*Data for review*
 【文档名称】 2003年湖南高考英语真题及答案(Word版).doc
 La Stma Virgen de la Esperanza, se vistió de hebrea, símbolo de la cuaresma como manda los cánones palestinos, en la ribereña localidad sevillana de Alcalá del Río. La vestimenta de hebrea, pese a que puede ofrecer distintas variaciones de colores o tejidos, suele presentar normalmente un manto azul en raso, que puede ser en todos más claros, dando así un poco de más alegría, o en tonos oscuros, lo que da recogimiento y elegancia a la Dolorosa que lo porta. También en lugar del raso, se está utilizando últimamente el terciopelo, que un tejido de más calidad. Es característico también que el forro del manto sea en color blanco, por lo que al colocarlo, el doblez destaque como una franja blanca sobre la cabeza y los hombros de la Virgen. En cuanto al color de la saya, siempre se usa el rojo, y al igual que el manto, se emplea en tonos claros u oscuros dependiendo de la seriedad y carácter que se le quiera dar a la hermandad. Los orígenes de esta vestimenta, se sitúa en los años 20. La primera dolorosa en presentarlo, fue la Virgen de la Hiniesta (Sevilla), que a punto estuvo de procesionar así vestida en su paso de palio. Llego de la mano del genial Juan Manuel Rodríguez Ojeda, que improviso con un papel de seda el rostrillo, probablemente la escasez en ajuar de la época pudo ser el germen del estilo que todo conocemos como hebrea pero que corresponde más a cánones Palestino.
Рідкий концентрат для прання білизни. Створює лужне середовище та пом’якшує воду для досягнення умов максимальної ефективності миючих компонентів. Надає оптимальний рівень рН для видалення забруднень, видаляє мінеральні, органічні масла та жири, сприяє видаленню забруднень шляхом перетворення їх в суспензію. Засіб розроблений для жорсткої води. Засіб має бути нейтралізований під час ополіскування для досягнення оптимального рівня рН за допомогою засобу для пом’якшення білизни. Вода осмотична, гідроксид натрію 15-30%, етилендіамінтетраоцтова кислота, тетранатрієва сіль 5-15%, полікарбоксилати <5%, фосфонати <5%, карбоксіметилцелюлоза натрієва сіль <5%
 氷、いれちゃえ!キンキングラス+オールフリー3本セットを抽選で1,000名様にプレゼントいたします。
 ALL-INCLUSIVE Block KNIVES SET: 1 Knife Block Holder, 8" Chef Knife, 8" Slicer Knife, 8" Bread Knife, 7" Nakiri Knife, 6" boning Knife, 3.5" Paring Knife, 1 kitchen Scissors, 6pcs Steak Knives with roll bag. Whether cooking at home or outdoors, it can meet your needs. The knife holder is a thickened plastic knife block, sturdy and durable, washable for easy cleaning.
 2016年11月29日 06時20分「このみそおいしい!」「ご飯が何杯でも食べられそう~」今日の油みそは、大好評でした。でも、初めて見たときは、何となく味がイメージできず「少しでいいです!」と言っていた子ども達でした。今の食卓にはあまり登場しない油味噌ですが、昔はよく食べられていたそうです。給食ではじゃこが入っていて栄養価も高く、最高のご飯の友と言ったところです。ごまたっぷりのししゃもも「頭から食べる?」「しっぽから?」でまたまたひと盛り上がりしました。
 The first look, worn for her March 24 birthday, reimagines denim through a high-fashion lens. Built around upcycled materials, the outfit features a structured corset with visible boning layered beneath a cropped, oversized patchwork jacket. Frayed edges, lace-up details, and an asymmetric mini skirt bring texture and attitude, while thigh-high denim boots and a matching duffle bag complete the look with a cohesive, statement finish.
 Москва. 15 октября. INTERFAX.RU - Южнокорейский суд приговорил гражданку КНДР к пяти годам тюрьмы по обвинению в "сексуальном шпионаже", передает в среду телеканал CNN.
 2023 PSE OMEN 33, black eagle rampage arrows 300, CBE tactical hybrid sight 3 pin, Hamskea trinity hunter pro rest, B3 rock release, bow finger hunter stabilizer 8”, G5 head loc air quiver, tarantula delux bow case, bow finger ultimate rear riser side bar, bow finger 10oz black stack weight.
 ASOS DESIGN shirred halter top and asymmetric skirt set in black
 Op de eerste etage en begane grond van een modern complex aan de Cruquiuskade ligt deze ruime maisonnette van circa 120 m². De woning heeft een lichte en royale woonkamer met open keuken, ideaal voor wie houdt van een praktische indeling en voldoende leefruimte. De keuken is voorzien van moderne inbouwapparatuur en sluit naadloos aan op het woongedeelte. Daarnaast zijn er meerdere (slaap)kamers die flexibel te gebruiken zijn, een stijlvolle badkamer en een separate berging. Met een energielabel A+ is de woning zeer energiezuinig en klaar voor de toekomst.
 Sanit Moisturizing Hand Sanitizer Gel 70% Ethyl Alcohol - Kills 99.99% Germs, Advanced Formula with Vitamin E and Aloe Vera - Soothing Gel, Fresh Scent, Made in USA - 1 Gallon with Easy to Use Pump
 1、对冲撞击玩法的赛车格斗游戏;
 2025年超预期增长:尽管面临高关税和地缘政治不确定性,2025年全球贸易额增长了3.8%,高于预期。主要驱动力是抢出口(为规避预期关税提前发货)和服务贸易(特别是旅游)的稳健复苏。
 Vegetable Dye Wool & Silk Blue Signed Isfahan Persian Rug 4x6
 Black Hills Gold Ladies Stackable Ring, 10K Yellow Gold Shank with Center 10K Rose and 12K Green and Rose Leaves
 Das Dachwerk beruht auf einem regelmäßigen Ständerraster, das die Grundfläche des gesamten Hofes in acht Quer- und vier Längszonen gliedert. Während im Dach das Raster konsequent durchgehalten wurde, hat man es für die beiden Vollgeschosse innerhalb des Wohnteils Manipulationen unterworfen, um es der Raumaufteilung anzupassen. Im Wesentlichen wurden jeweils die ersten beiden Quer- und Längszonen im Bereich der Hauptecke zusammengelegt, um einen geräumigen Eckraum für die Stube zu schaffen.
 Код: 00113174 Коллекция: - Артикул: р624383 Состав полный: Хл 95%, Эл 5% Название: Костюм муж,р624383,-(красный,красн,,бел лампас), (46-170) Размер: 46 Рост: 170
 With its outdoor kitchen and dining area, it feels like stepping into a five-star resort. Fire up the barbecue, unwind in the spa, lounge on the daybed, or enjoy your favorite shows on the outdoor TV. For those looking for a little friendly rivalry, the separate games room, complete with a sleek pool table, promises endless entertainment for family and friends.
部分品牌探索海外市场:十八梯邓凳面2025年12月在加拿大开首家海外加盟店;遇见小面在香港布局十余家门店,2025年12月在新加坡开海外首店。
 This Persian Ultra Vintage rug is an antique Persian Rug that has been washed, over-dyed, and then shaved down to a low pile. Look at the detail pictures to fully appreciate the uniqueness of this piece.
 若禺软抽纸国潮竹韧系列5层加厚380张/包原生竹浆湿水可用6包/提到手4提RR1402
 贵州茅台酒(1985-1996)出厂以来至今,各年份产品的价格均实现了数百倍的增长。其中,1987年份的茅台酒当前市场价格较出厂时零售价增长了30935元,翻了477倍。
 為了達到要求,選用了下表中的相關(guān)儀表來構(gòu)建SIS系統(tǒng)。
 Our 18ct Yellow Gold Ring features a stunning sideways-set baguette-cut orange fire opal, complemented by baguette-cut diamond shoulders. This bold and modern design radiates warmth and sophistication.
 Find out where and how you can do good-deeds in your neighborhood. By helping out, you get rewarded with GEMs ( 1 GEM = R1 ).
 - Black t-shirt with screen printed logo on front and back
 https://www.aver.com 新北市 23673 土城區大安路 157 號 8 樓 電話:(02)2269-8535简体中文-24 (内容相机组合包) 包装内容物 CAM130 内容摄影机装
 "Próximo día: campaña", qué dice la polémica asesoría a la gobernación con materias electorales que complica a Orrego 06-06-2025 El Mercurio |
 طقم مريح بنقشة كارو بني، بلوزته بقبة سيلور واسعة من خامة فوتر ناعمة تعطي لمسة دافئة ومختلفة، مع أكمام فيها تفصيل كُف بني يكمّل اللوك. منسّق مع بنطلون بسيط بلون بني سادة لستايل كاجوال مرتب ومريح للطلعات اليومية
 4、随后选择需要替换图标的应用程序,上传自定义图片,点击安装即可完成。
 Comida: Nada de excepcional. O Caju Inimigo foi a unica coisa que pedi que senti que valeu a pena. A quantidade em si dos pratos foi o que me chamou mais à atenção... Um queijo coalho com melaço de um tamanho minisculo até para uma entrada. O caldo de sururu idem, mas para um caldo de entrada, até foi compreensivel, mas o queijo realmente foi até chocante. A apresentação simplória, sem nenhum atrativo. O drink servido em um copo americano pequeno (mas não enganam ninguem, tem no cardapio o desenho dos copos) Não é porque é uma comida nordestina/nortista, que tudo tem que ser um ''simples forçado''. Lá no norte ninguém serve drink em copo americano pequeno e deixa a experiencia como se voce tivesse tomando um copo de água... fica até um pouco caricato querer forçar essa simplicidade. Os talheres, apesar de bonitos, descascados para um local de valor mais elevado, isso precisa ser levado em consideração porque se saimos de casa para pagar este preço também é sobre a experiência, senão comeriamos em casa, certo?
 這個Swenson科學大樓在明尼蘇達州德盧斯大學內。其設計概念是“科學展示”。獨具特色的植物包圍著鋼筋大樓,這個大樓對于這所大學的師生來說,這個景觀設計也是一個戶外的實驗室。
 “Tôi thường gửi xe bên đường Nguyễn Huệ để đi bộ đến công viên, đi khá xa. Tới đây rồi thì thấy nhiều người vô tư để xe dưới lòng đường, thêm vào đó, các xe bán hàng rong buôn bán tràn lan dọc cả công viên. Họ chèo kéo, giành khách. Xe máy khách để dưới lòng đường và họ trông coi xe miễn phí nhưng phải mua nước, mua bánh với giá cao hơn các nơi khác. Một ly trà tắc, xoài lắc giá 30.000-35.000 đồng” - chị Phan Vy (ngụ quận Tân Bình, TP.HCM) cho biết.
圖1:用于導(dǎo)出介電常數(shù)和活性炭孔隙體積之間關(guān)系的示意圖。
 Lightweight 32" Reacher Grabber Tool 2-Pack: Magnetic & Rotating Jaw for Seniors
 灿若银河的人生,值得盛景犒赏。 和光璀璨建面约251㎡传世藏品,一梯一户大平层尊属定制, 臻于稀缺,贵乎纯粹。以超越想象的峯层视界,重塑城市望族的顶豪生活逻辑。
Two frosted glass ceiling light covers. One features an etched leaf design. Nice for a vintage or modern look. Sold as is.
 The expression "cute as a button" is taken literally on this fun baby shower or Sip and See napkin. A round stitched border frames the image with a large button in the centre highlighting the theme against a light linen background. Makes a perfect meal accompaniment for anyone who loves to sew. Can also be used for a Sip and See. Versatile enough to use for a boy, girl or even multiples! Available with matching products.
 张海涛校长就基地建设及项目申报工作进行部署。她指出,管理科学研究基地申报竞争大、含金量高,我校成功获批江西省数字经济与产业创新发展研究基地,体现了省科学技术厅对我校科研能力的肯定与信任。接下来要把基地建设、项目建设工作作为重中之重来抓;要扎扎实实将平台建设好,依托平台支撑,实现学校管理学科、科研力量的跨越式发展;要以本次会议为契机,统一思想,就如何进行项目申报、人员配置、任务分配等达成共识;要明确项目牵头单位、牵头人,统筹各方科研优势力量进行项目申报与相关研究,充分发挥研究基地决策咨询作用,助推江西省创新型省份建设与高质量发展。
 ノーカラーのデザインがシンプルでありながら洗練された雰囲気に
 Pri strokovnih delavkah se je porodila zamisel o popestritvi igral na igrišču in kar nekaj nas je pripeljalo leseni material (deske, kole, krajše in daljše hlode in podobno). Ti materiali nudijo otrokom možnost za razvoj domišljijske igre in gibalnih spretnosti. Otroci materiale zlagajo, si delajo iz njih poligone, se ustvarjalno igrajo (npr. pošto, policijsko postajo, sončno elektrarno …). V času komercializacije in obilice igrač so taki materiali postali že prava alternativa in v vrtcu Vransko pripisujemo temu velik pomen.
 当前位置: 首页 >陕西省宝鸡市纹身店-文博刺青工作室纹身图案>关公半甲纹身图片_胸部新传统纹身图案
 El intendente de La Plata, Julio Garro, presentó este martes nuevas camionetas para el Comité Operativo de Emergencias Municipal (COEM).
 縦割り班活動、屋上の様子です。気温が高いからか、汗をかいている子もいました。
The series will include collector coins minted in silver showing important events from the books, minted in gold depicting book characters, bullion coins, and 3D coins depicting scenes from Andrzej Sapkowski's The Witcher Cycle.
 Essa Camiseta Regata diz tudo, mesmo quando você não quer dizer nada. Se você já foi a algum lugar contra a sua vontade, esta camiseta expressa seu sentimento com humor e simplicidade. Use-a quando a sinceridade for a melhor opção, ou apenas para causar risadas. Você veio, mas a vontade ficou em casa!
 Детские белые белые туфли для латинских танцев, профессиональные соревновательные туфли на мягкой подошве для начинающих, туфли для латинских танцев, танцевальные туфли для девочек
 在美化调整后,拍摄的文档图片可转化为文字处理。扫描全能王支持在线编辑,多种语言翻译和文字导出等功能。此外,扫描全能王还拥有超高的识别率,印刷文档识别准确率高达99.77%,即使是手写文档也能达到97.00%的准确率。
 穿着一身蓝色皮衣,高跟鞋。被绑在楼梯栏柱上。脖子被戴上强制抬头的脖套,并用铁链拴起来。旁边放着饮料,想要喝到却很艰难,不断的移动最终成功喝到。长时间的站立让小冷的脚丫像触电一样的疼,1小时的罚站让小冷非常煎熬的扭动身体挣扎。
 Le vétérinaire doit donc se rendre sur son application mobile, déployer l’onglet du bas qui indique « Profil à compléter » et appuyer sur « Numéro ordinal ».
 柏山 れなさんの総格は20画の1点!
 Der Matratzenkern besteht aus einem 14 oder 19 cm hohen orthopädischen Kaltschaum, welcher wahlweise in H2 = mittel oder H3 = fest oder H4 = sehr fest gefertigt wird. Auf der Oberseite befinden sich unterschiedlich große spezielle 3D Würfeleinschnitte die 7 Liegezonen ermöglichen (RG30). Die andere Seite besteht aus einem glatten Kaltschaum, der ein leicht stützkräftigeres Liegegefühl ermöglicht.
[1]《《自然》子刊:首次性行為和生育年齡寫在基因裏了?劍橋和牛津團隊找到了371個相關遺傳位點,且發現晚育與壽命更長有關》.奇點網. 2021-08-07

*What to do*
Every line with the string "Yellow" in the material should be returned.

*Written response*
 Black Hills Gold Ladies Stackable Ring, 10K Yellow Gold Shank with Center 10K Rose and 12K Green and Rose Leaves
 Our 18ct Yellow Gold Ring features a stunning sideways-set baguette-cut orange fire opal, complemented by baguette-cut diamond shoulders. This bold and modern design radiates warmth and sophistication.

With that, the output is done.